But how do we go from that to a sequence of letters?
And what's especially tricky:
the number of letters in an image is separable from its size.
A screenshot of this document has a much higher density of letters
than a close-up photograph of a piece of paper.
How do we get a _variable-length_ sequence of letters,
where the length need have nothing to do with the size of the input tensor?

_Transformers_ are an encoder-decoder architecture that excels at sequence modeling --
they were
[originally introduced](https://arxiv.org/abs/1706.03762)
for transforming one sequence into another,
as in machine translation.
This makes them a natural fit for processing language.

But they have also found success in other domains --
at the time of this writing, large transformers
dominate the
[ImageNet classification benchmark](https://paperswithcode.com/sota/image-classification-on-imagenet)
that has become a de facto standard for comparing models
and are finding
[application in reinforcement learning](https://arxiv.org/abs/2106.01345).

So we will use a Transformer as a key component of our final architecture:
we will encode our input images with a CNN
and then read them out into a text sequence with a Transformer.

Before trying out this new model,
let's first get an understanding of why the Transformer architecture
has become so popular by walking through its history
and then get some intuition for how it works
by looking at some
[recent work](https://transformer-circuits.pub/)
on explaining the behavior of both toy models and state-of-the-art language models.

## Why not convolutions?

In the ancient beforetimes (i.e. 2016),
the best models for natural language processing were all
_recurrent_ neural networks.

Convolutional networks were also occasionally used,
but they suffered from a serious issue:
their architectural biases don't fit text.

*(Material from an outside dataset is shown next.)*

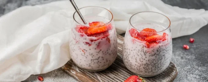 - Όταν η πουτίγκα chia είναι έτοιμη, ανακατέψτε την ξανά. Την αδειάζετε σε φλιτζάνια ή πιάτα, την ολοκληρώνετε με κομμένες φράουλες και γαρνίρετε με δυόσμο.

First, _translation equivariance_ no longer holds.
The beginning of a piece of text is often quite different from the middle,
so the absolute position matters.

Second, _locality_ is not as important in language.
The name of a character that hasn't appeared in thousands of pages
can become salient when someone asks, "Whatever happened to
[Radagast the Brown](https://tvtropes.org/pmwiki/pmwiki.php/ChuckCunninghamSyndrome/Literature)?"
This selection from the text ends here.